I'd probably buy myself a small home, set aside a bit of money in a bank somewhere with a cash limit, save a little bit extra to commission art or to learn a skill somewhere. This would be barely a dent in the 7 billion; probably 1 million at most, give or take half. If I had that much money, I assume my friends and family would want some, so I'd probably pay a little bit to help them out if they wanted it. I'd also like to travel to see friends I met on Pure.
I would then split up the rest of the nearly 7 billion dollars and give it to various charities. Giving it all to one charity I feel would put too much pressure on that charity and have diminishing returns, so I'd rather donate to as many places as possible to ensure that as much good can be done with the money as possible. I don't want to keep any of the remainder besides emergency savings.

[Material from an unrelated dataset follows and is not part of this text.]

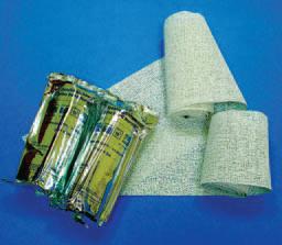 WŁAŚCIWOŚCI: szybkowiążąca; umożliwia wykonanie bezpiecznego opatrunku gipsowego; krótki czas zanurzenia oraz całkowite i jednorodne nasycenie opatrunku wodą; łatwość modelowania, dobra jakość i trwałość gotowego opatrunku gipsowego; bardzo dobre parametry użytkowe, ekonomiczna w użyciu; czas wiązania wstępnego opaski: od 5 do 6 minut (temperatura wody 20°C), sztywnienie następuje po 8-10 minutach, czas moczenia opaski: od 8-10 sekund. ZASTOSOWANIE do usztywnienia kończyn. Dostępne rozmiary: 10cm x 3m, 12cm x 3m, 15cm x 3m

I would prefer to get rid of the 7 billion as soon as possible; I feel like holding onto that much money would cause me to morally decay, and also result in long term unhappiness. If I was a billionaire, I would have problems trusting friends, constantly thinking that I'm only valued for the money I'd have rather than for anything good about myself. I'd distance myself from others, and I'd be less able to connect with people as I'd have lost perspective on what it means to be an average person. That sounds like a lonely experience I'd rather not have, so I could not see me being rich long term at all. I don't want my value as a person to be an arbitrary number.